I think the crash is on lua. The TSHttpTxnRedirectUrlSet API used in escalate plugin can sometimes alter the buffer used (in this case for send request, it seems).

And so the lua plugin may fail to clear it in that case.

VibhorGupta1991 commented 3 years ago

Can we do anything about this? @shukitchan

shukitchan commented 3 years ago

I am planning to change this block in plugins/lua/ts_lua_util.c

  case TS_EVENT_HTTP_SEND_REQUEST_HDR:

    lua_getglobal(L, TS_LUA_FUNCTION_SEND_REQUEST);

    if (lua_type(L, -1) == LUA_TFUNCTION) {
      ret = lua_resume(L, 0);
    }

    break;

to


  case TS_EVENT_HTTP_SEND_REQUEST_HDR:

    lua_getglobal(L, TS_LUA_FUNCTION_SEND_REQUEST);

    if (lua_type(L, -1) == LUA_TFUNCTION) {
      ret = lua_resume(L, 0);
    }

    break;

    if (http_ctx->server_request_hdrp != NULL) {
      TSHandleMLocRelease(http_ctx->server_request_bufp, TS_NULL_MLOC, http_ctx->server_request_hdrp);
      http_ctx->server_request_bufp = NULL;
      http_ctx->server_request_hdrp = NULL;
    }

It will be great if you want to try it out.
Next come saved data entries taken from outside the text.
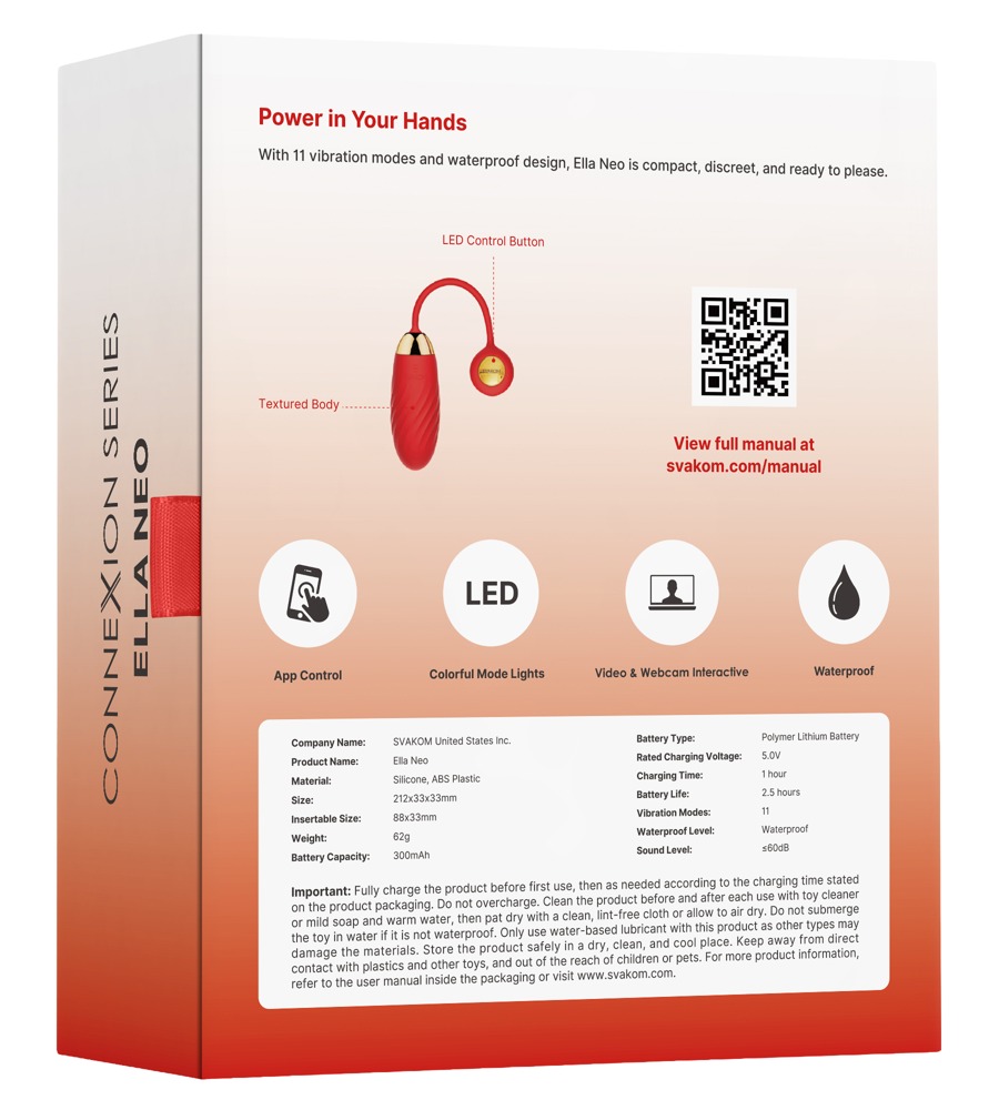 Wiederaufladbares, wasserdichtes Vibro-Ei für vaginale und anale Vergnügen. 11 leise, abwechslungsreiche Vibrationsmodi sind bequem am Ende des Rückholbandes steuerbar. Auch per SVAKOM-App (mit zusätzlichen Intensitäten und Überraschungsvibrationen) oder FeelConnect-3-App mit 3 neuen Hauptfunktionen: Long Distance Control (jederzeit von überall auf der Welt), Verbindung zu interaktiven 2D-Videos und interaktive Webcam-Funktion.
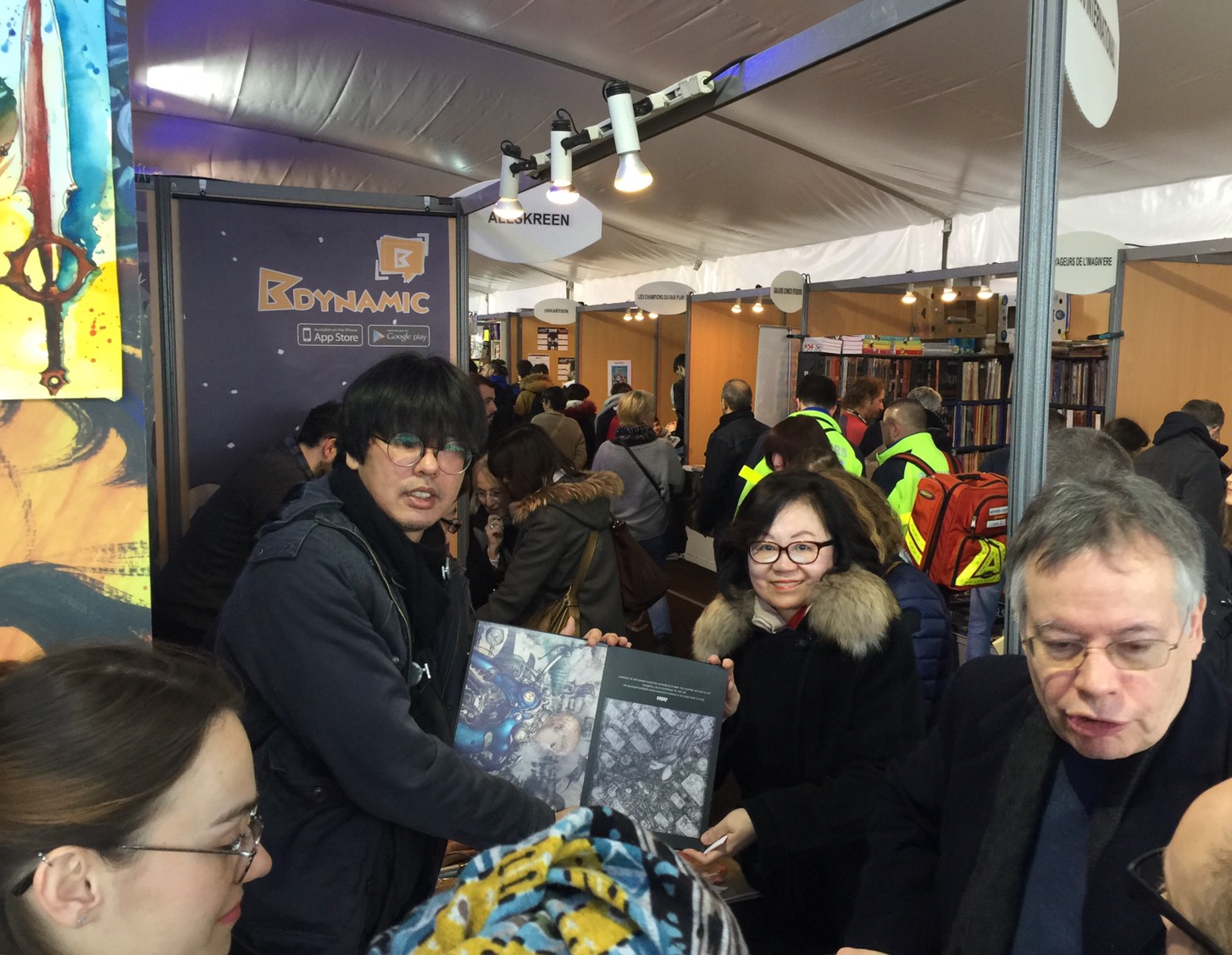 今年有幸從大雪紛飛的巴黎坐了兩個小時的TGA(高鐵)趕上盛會,並與台灣的小尖兵們共享榮耀的時刻。在黃健和策展人的帶領下,今年台灣來了十二位創作者,其中六位漫畫家、 兩位新尖兵、及四位入圍「數位漫畫競賽」的入圍藝術家,可謂陣容龐大。
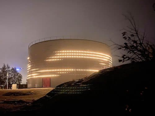 The light art installation of Oil Tank 468 was designed by lighting artist Tapio Rosenius from Lighting Design Collective and was completed in 2012, World Design Capital Helsinki year, to delight all Helsinkians and visitors to the city. The work has received praise and awards in international competitions and publications. It is also possible to rent the oil tank from the City of Helsinki for your own event.
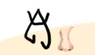 “自”,一个假借字。“自”本来是“鼻”的象形字,后来因为“鼻”的发音与“自”一致,故假借为“自”。假借字,即假借已有的音同或音近的字,来代表所想表达的字。
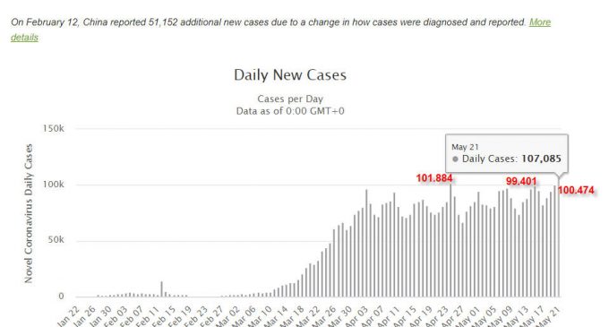 Thế giới trải qua một ngày 21-5-2020 với số người nhiễm và chết vẫn ở mức rất cao, có thêm kỷ lục mới 107.085 ca nhiễm mới (so với 100.474 của ngày hôm trước) và thêm 4.934 người chết (so với 4.685 người của ngày hôm trước).
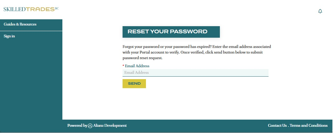 - Enter the email address you used to sign up for a SkilledTradesBC Portal account and click “Send”.
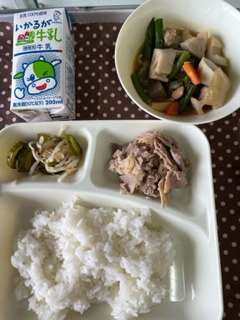「ふきよせ煮」は、豚肉、旬のさといもを主材に、れんこん、しめじなどを使用した煮ものです。「ふきよせ」とは数種類の煮ものなどを彩りよく盛り合わせた料理につけられる日本料理の名前です。
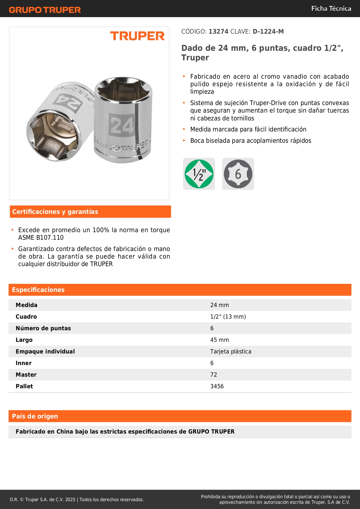 Dado hexagonal encastre 1/2'' de 24 mm truper
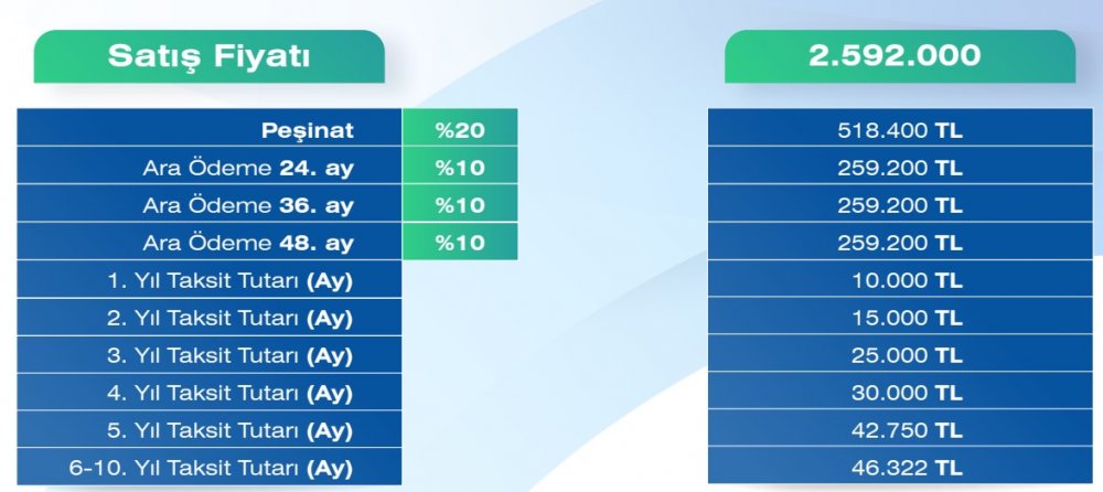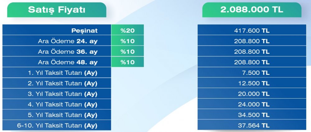 2+1 konutlar için ödeme planı
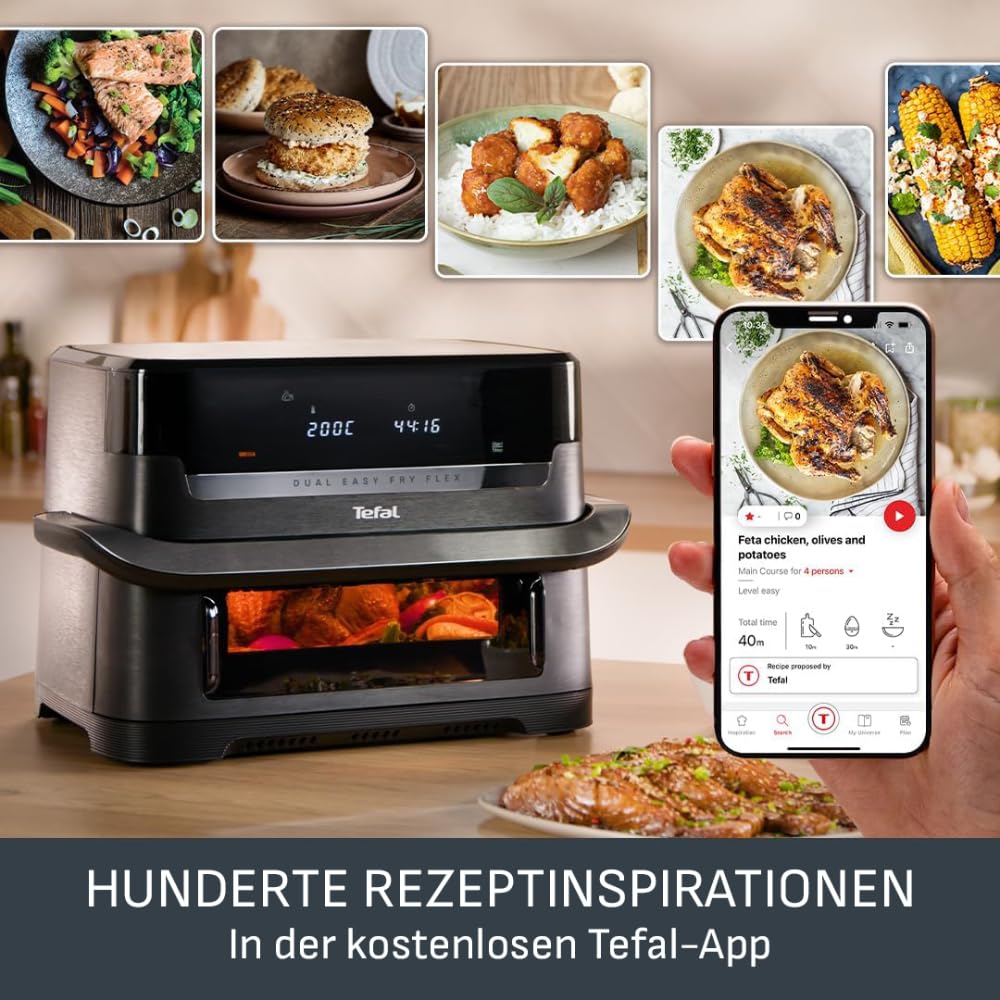 Tefal Dual Easy Fry Flex Heissluftfritteuse 9L – Airfryer mit 2 Kammern & GiantZone, FlexCook-Trennwand, 2700 W, 40–200 °C, 7 Programme, fettarm frittieren & 2 Gerichte gleichzeitig zubereiten EY9228
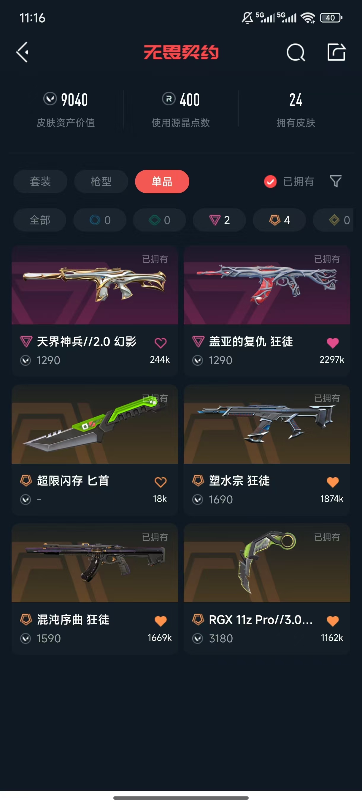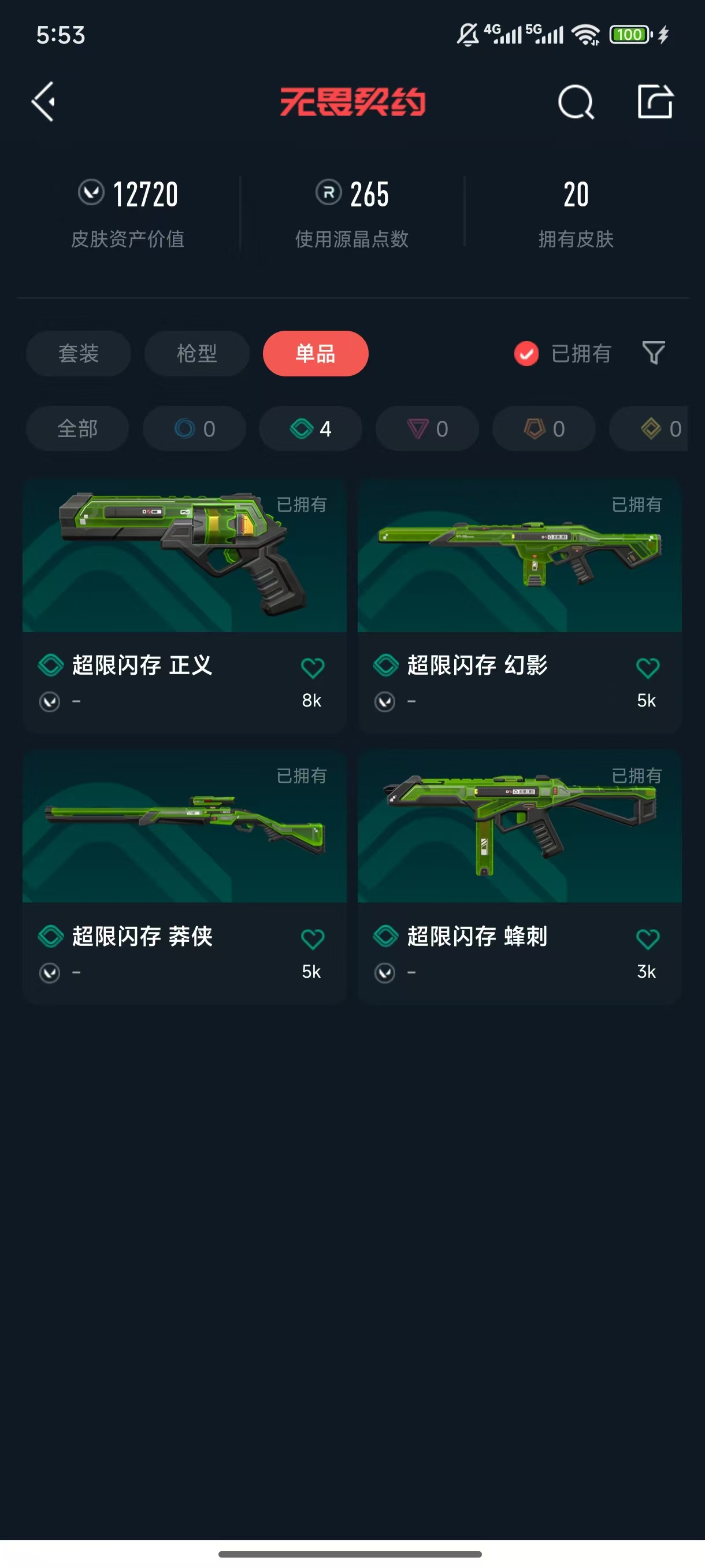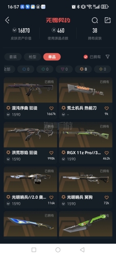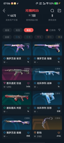 无畏契约【安卓QQ】每把枪基本都有一个超级好的皮肤升级枪刀都满级了主流颜色也都买了皮肤价值11520源晶还有385r点
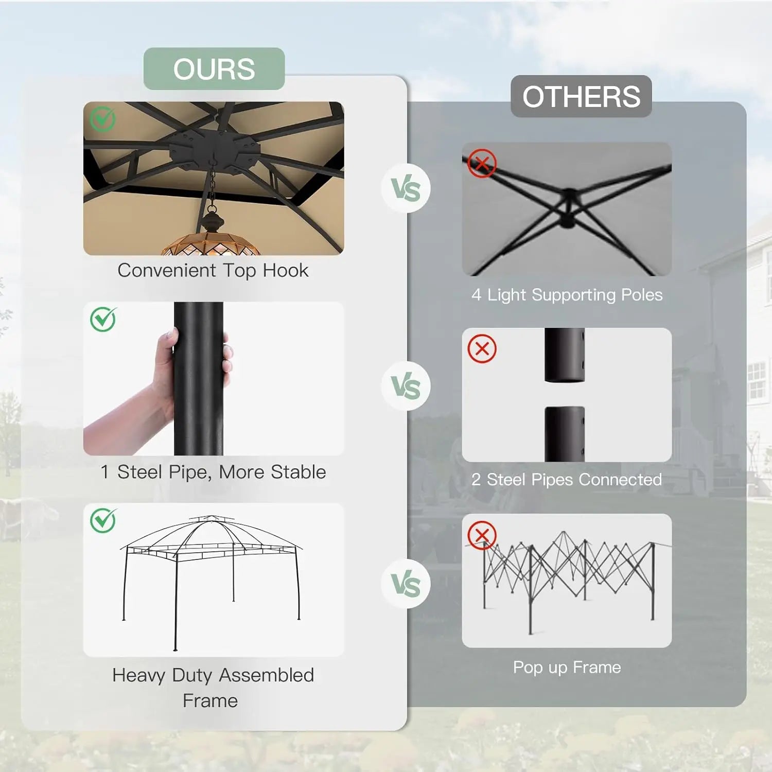 - Sturdy Frame: outdoor gazebo is built with a powder-coated steel frame that resists rust and corrosion. The top is supported by 8 steel poles and comes with 8 ground stakes to maintain stability in various weather conditions for long-term use
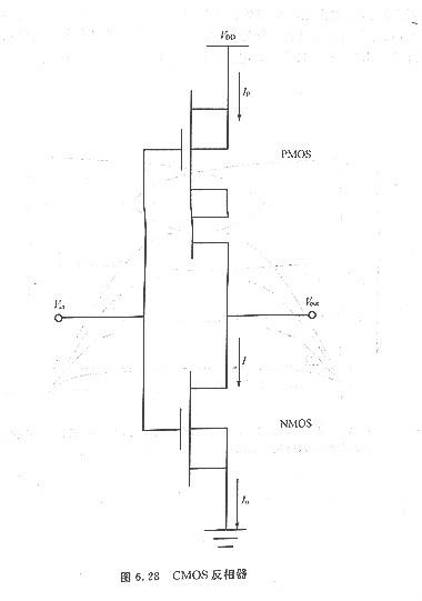 如圖6. 28所示,CMOS反相器為CMOS邏輯電路的基本單元.在CMOS反相器中,p與n溝道晶體管的柵極銜接在一同,并作為此反相器的輸入端,而此二晶體管的漏極也連接在一同,并作為反相器的輸出端.n溝道MOSFET的源極與襯底接點均接地,而p溝道MOSFET的源極與襯底則銜接至電源供應(yīng)端(VDD),需留意的是p溝道與n溝道MOSFET均為增強型晶體管,當輸入電壓為低電壓時(即vin=O,VGsn=o
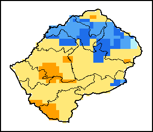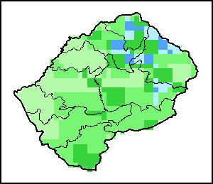 L'indice de végétation par différence normalisé (NDVI – Normalized Difference Vegetation Index) mesure la "verdeur" de la couverture du sol, et est utilisé comme indicateur de la densité et de l’état de la végétation. Les valeurs du NDVI varient de +1 à -1, plus les valeurs positives sont élevées plus la végétation est dense et en bonne santé, tandis que des valeurs faibles et/ou négatives du NDVI indiquent une végétation en mauvaises conditions ou une couverture végétale clairsemée. L’écart NDVI indique la variation de la décade actuelle par rapport à la moyenne à long terme. Une valeur positive (par exemple 20 pour cent) indique une amélioration des conditions de végétation par rapport à la moyenne, tandis qu'une valeur négative (par exemple -40 pour cent) signale des conditions de végétation relativement mauvaises.
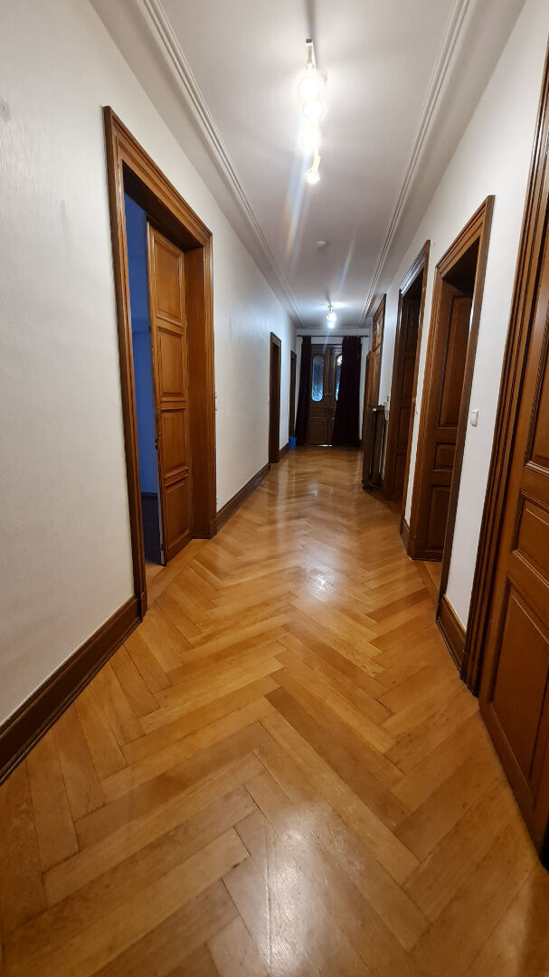 Rare! Superb apartment in the Rebberg of Mulhouse, 30 minutes from Basel! On the first floor of a house of character, large apartment with a surface area of 212sqm composed of a very large entrance with cupboards, a living room, a fitted and equipped kitchen, an office, a dressing room, three bedrooms, an office, a bathroom with bathtub and shower and a separate toilet. Parquet floor, fireplace, large terrace with garden view, cellar and garage. Central heating.
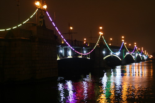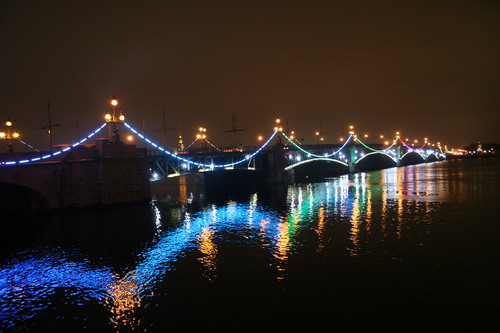 Компания "РПА Сфера", по заказу городской администрации, осуществила работы по праздничной подсветке Троицкого и Гренадерского мостов.

I do hope to have my setup much later on to try that.

shukitchan commented 2 years ago

I can reproduce this and my suggested fix can correct the problem. In general, this is the problem with lua plugin, we kept the TSMLoc/TSMBuffer of client request/client response/server request/server response within a http_ctx and it exists throughout a transaction. But there are things (e.g. the TSHttpTxnRedirectUrlSet API) that can alter them within a transaction. So saving TSMLoc/TSMBuffer and using them later should be avoided.

I will provide a fix/PR for this general lua plugin problem.